Government officials in Baidoa, the only town the TFG controls, praised the U.N. move and thanked the United States for its support.

But Somalia's powerful Islamist movement, which controls Mogadishu and most of the south, rejected the resolution, warning that it would "add fuel to the fire" in the Horn of Africa country thought to be approaching all-out war.

Despite fears that a peacekeeping force would attract foreign jihadists, the U.N. approved the plan with the explicit aim of propping up Yusuf's Western and Ethiopian-backed government.

Diplomats say Ugandan troops have been preparing for the mission by practising on a model of Baidoa they have built. Nankabirwa declined to comment on details of the preparations.

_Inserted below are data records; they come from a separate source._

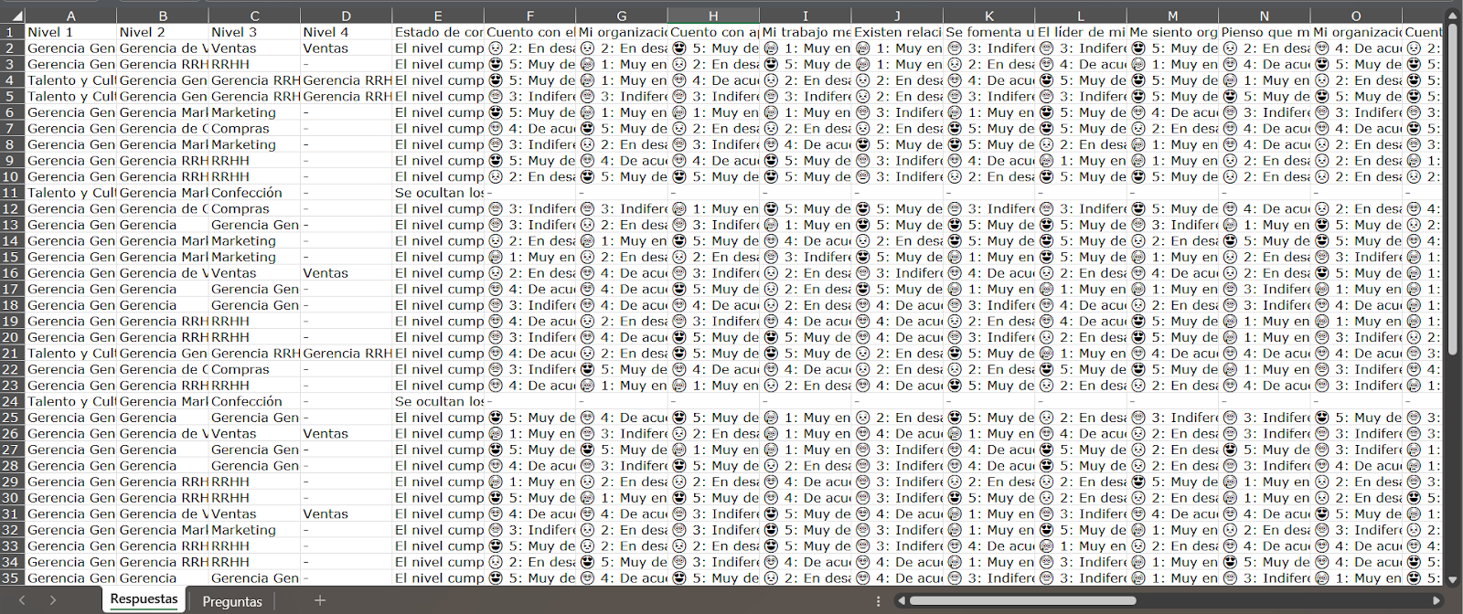 This will generate an Excel file with two sheets: the first contains the individual results, indicating only the area each participant belongs to along with their answers per question; the second sheet includes the complete list of questions and their respective response options.
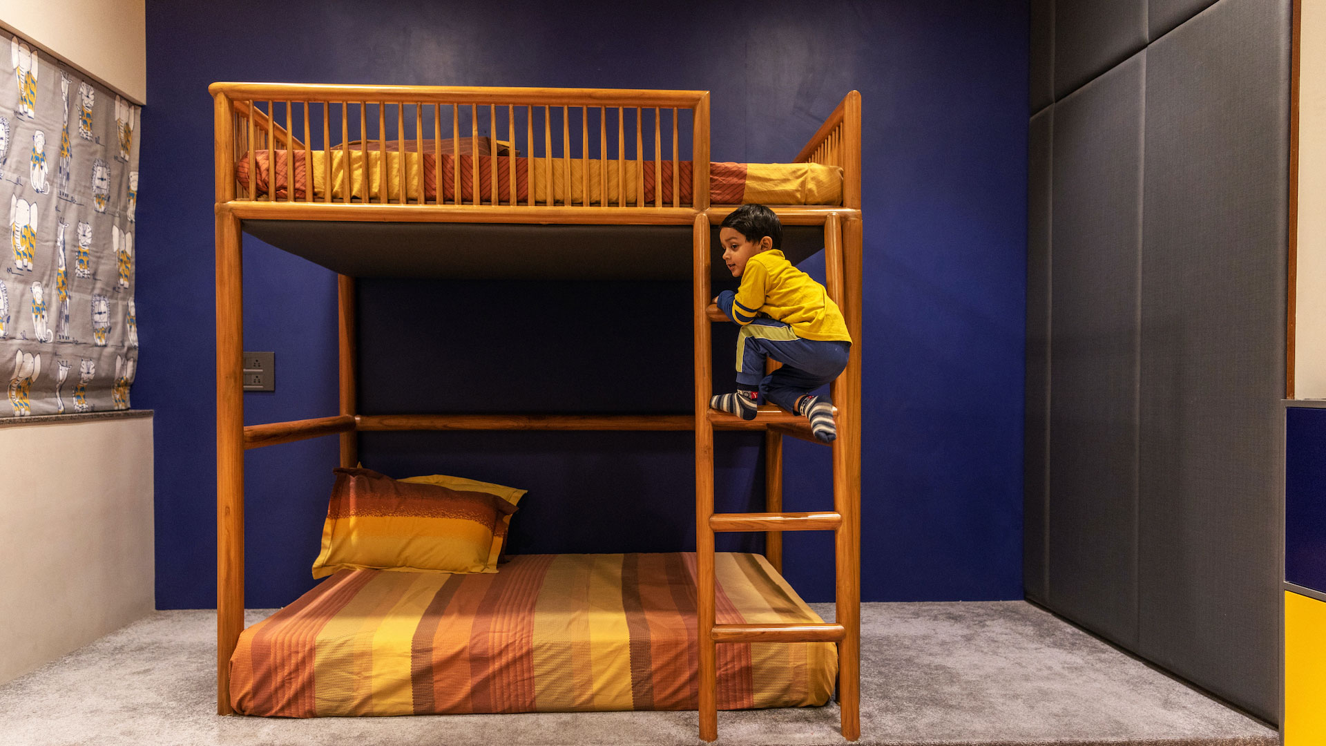 The kids' room prioritizes safety, supervision, and imagination. A partition of wooden panels within a metal frame defines spaces while allowing visibility. A vibrant blue wall, bunk bed, and deck promote playfulness. Details like dice-pattern cabinets, a chalkboard-green surface, basketball drawer knobs, and an integrated slide nurture creativity and fun, further accentuated by a playful swing.
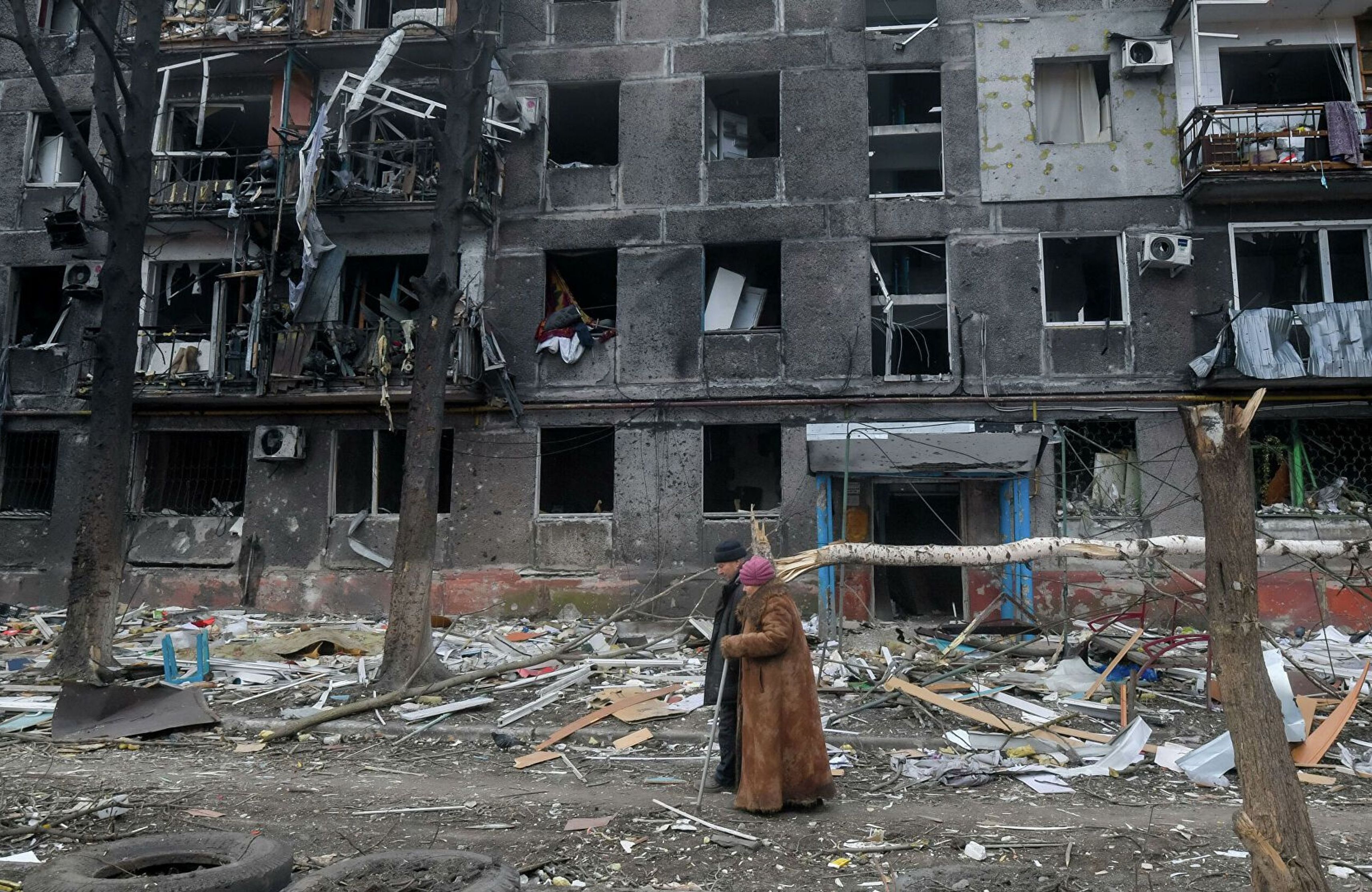 A house hit by a shell in Mariupol
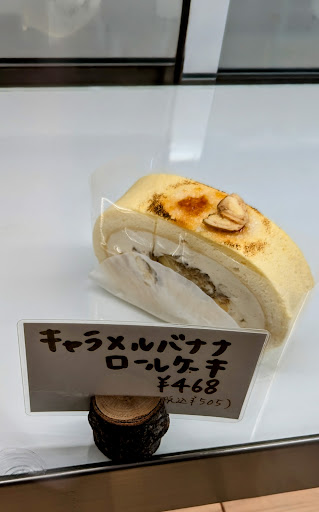 お目当てのNYロールととろける生メロンパンケーキは無事購入、レジのガラスケース内にバナナロールを見つけて、こちらも頂きました。
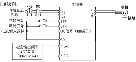 電源是使用變頻器內(nèi)置電源,還是使用外部電源。使用內(nèi)置電源時(shí)端子10-5間輸出DC5V。

Fears that Uganda might be sucked into an ugly regional conflict were beside the point, she said. "The paradigm now is collective security," she said. "No country is an island. We did not apply to go there (but) were requested."

Diplomats say Uganda has no direct interest in Somalia but its close relationship with the United States makes it a natural ally of the U.S.-backed transitional government.

"The U.S. wants an ally in Somalia," said a Western diplomat in Kampala. "It's no secret the U.S. has been training Ugandan special forces and giving them equipment."

Nankabirwa denied that Uganda favoured the TFG, saying it was asked to join the force because its presence would be "generally acceptable" in Somalia.

"We are going in as peacekeepers, not fighters," she said.